- EXERCISE BRIEF: Through the line with "2. Usar función Concatenar en Excel 2016" and starting from the first line, return the records below word for word, with pictures left out.
◇ ◇ ◇
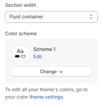 Section width: You can choose among Fluid container, Full width, Stretch width for the banner layout.
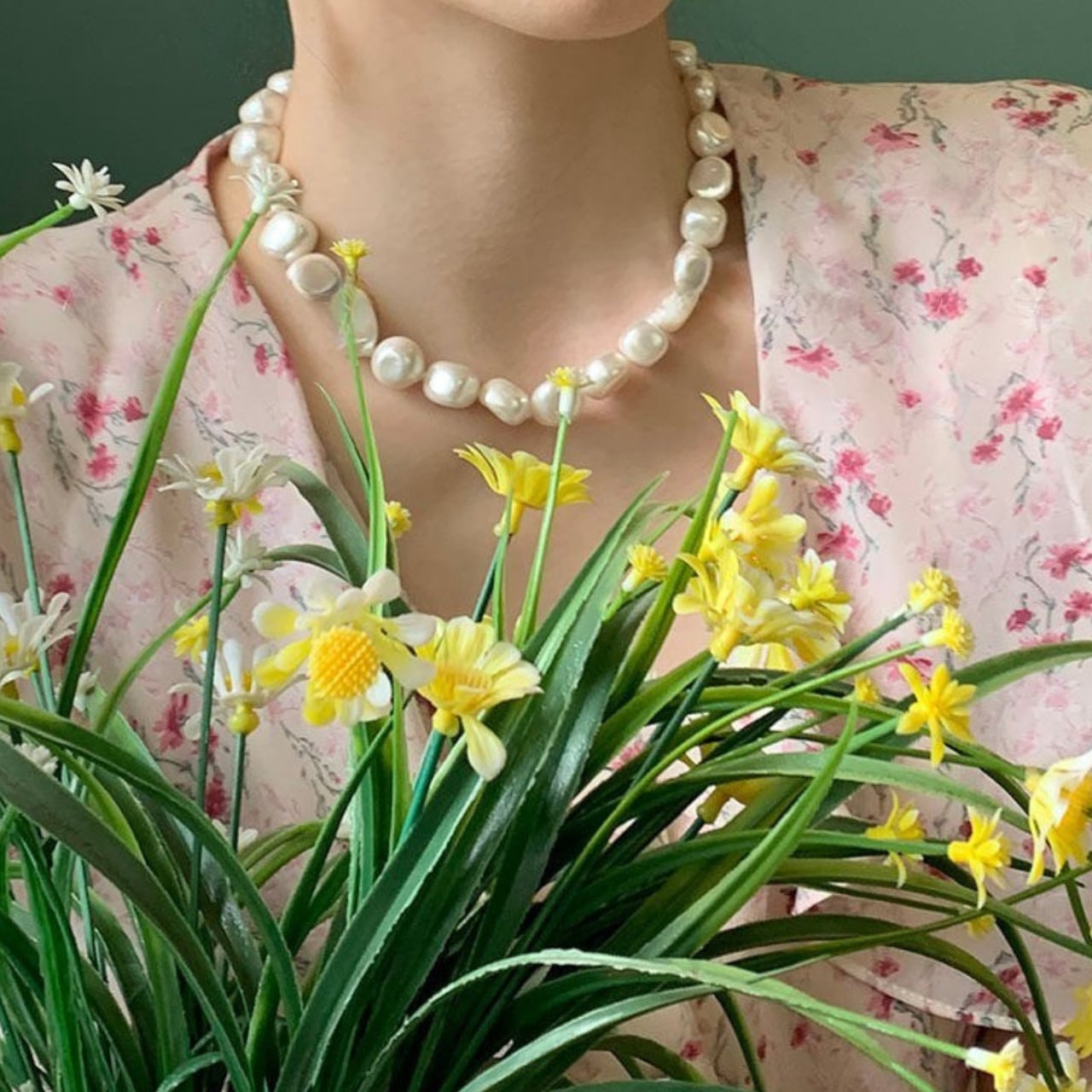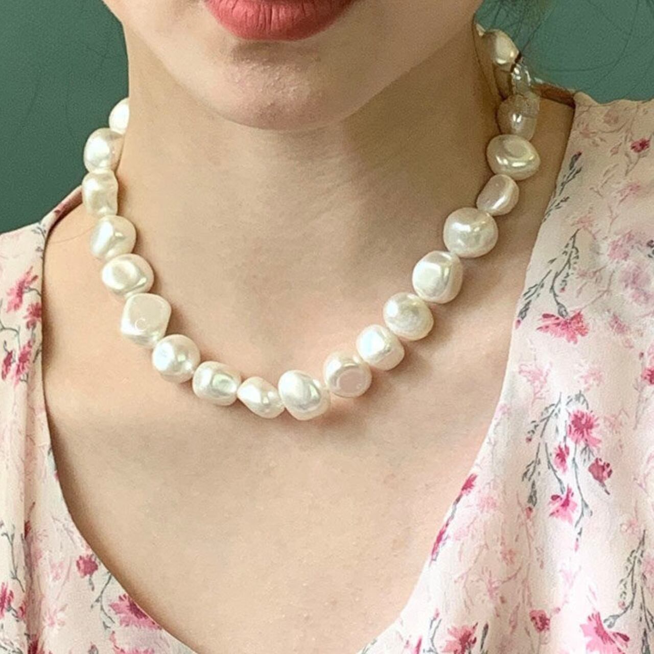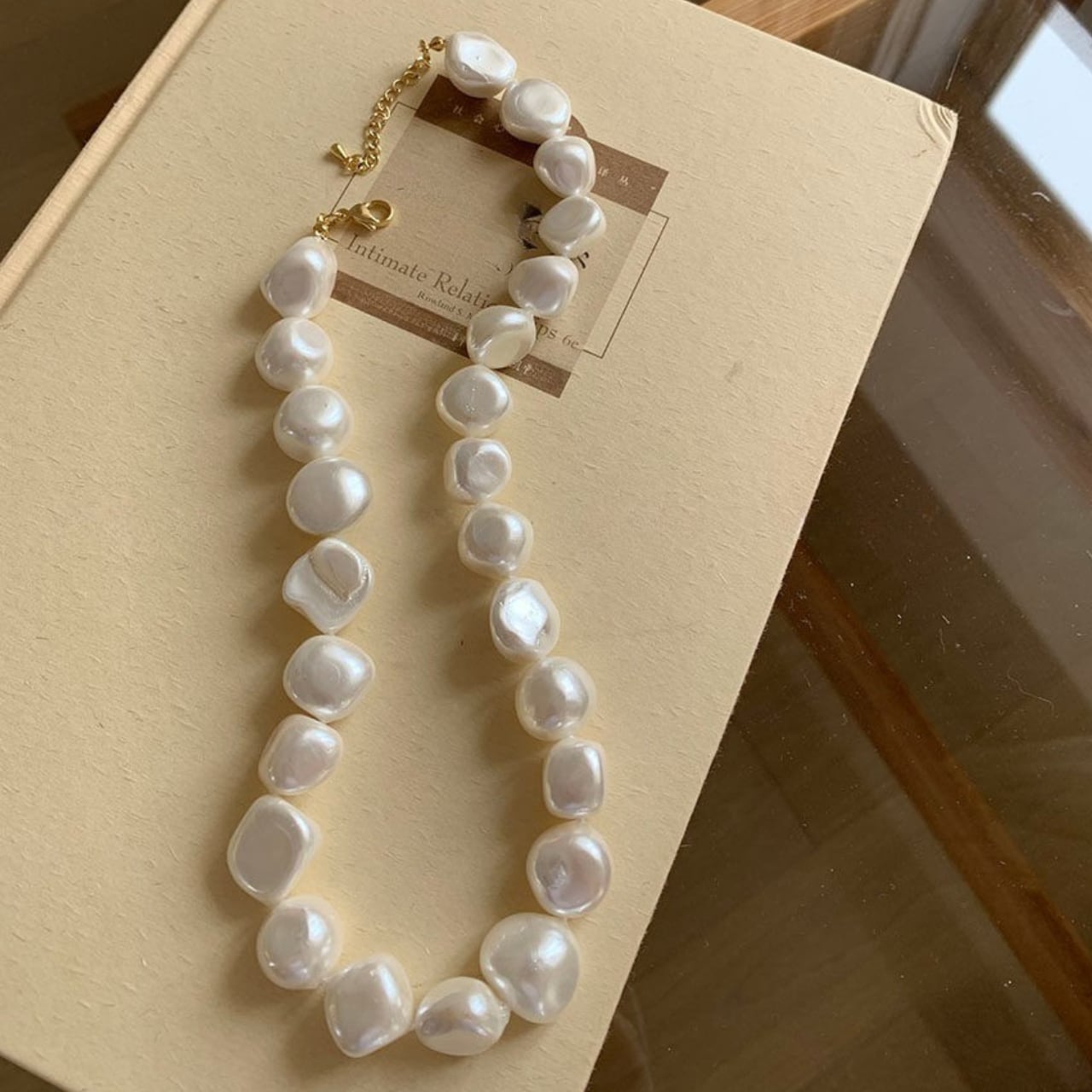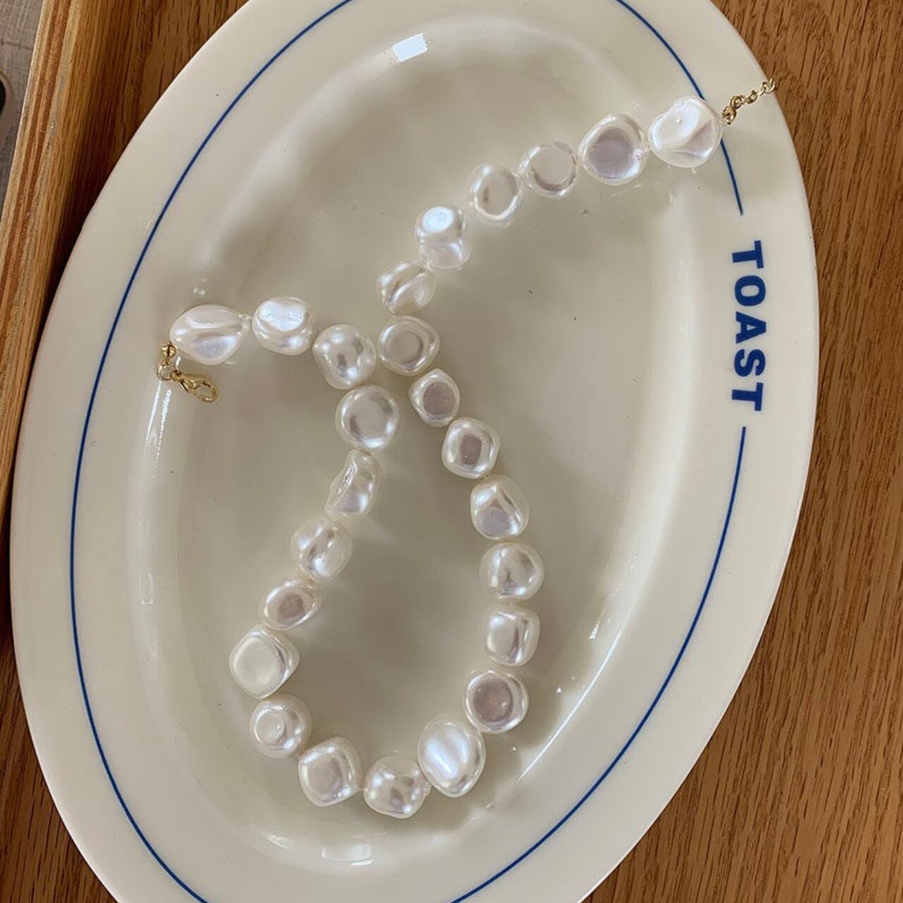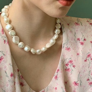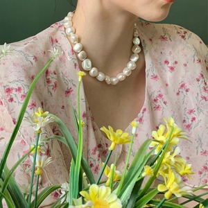 不揃いの形が魅力的なバロックパール風ネックレス。
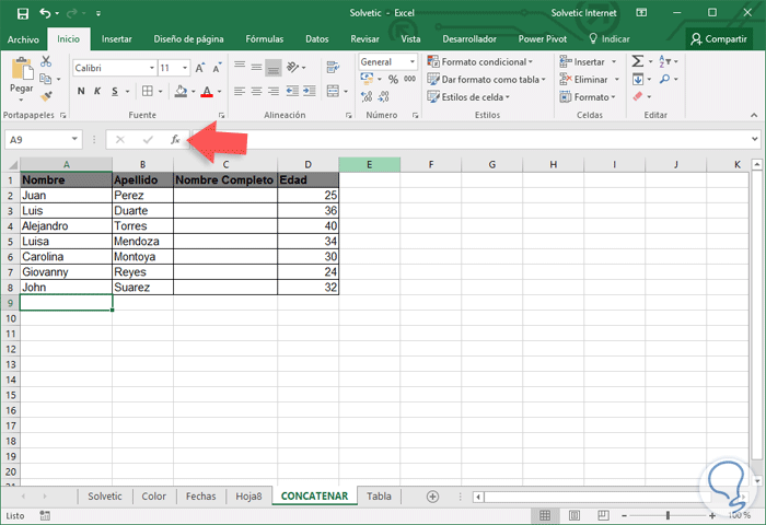 2. Usar función Concatenar en Excel 2016
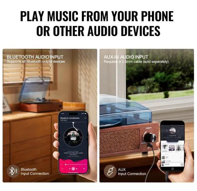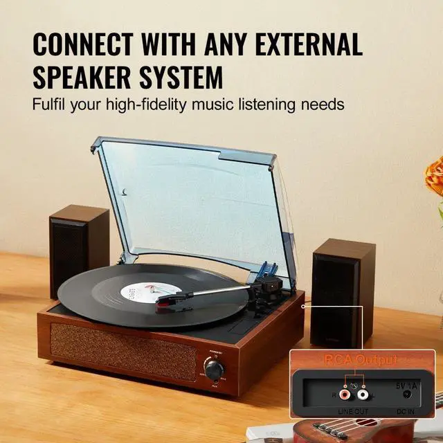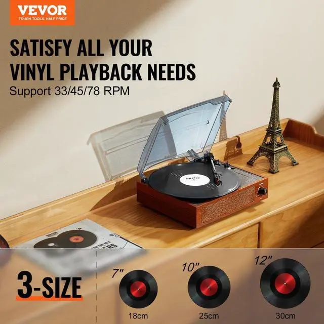 VEVOR Vinyl Record Player, 3-Speed, Belt Driven Turntable Player with Built-in 10W Stereo Speakers Magnetic Cartridge, Support 33/45/78 RPM Bluetooth Aux in RCA Output, for 7/10 /12 in Vinyl Records
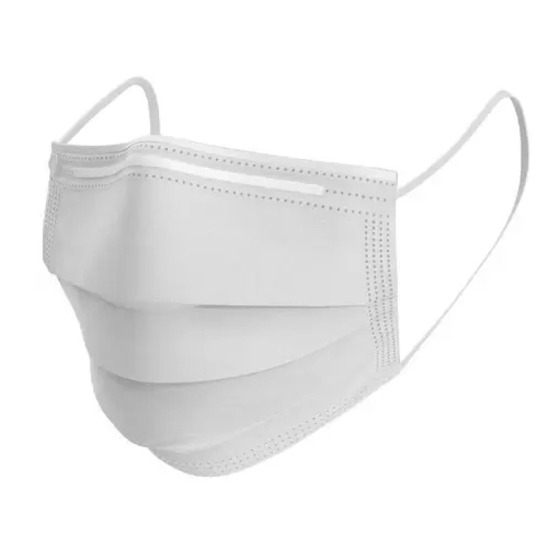 Máscara confeccionada em TNT (Tecido Não Tecido) tripla camada, possui clip nasal e elástico, BFE > 95%.
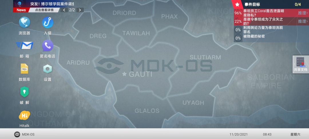 全收集其实也不是那么难,时间长主要还是因为把文字全都看完了,也花时间动脑子了,唯一卡住的地方就是入侵手机的九宫格解锁密码
◇ ◇ ◇
- OUTPUT OF THE EXERCISE:
 Section width: You can choose among Fluid container, Full width, Stretch width for the banner layout.
 不揃いの形が魅力的なバロックパール風ネックレス。
 2. Usar función Concatenar en Excel 2016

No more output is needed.